Sebab aku sendiri sadar akan pelanggaranku, aku senantiasa bergumul dengan dosaku. Sesungguhnya, dalam kesalahan aku diperanakkan, dalam dosa aku dikandung ibuku. Sesungguhnya, Engkau berkenan akan kebenaran dalam batin, dan dengan diam-diam Engkau memberitahukan hikmat kepadaku.
Bersihkanlah aku dari pada dosaku dengan hisop, maka aku menjadi tahir, basuhlah aku, maka aku menjadi lebih putih dari salju! Ya Tuhan, bukalah bibirku, supaya mulutku memberitakan puji-pujian kepada-Mu.
Sebab Engkau tidak berkenan kepada kurban sembelihan; sekiranya kupersembahkan kurban bakaran, Engkau tidak menyukainya.

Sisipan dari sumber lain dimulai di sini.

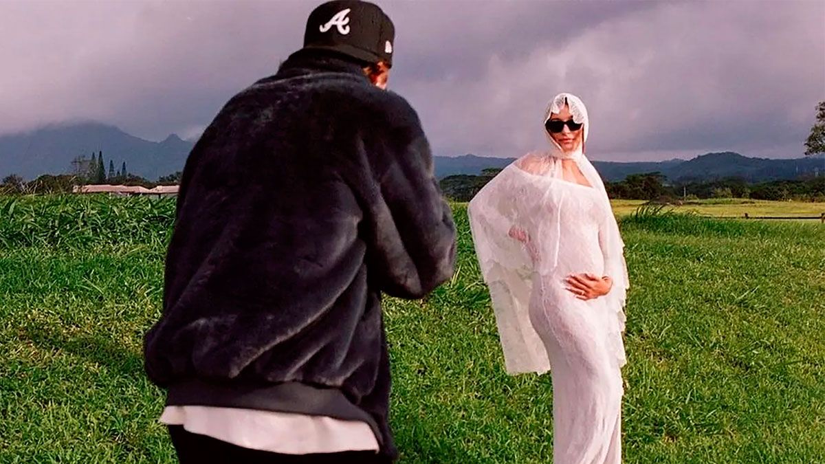 En las imágenes, se podía ver a Justin abrazando a Hailey por detrás, con las manos colocadas cariñosamente sobre su vientre, mientras ambos mostraban orgullosos sus anillos de boda.

Kurban sembelihan kepada Allah ialah jiwa yang hancur; hati yang patah dan remuk tidak akan Kaupandang hina, ya Allah.” (Mzm. 51:3-5, 7-9, 17-19).
Allah membuka hati-Nya untuk hati yang rendah hati. Dalam kerendahan hati, Perawan Maria memadahkan pujian, Magnificat, ”Allah telah memperhitungkanhamba-Nya yang hina ini […] Rahmat-Nya diberikan dari generasi ke generasi, kepada orang-orang yang takut akan Dia.” (Luk. 1:48, 50).
Katekese
Belas kasih Allah adalah satu-satunya harapan kita. Santo Augustinus, Uskup dari Hippo, 354-430:
“Tuhan, diusir keluar dari firdaus oleh-Mu dan dibuang di tanah asing, aku tak akan mampu kembali ke sana jika tanpa-Mu, ya Tuhan. Datanglah untuk menemuiku dalam pengembaraanku.
Aku dapat kembali kepada-Mu hanya jika berharap pada belas kasih-Mu selama aku hidup di dunia ini. Harapanku satu-satunya, sumber kepercayaanku satu-satunya dan janji sejati satu-satunya adalah belas kasih-Mu.” (Commentary on Psalm 24,5)
Oratio-Missio
Ya Allah, kasihanilah aku orang berdosa ini. Amin.
- Apa yang perlu aku lakukan untuk menyebar-luaskan belas kasih-Nya?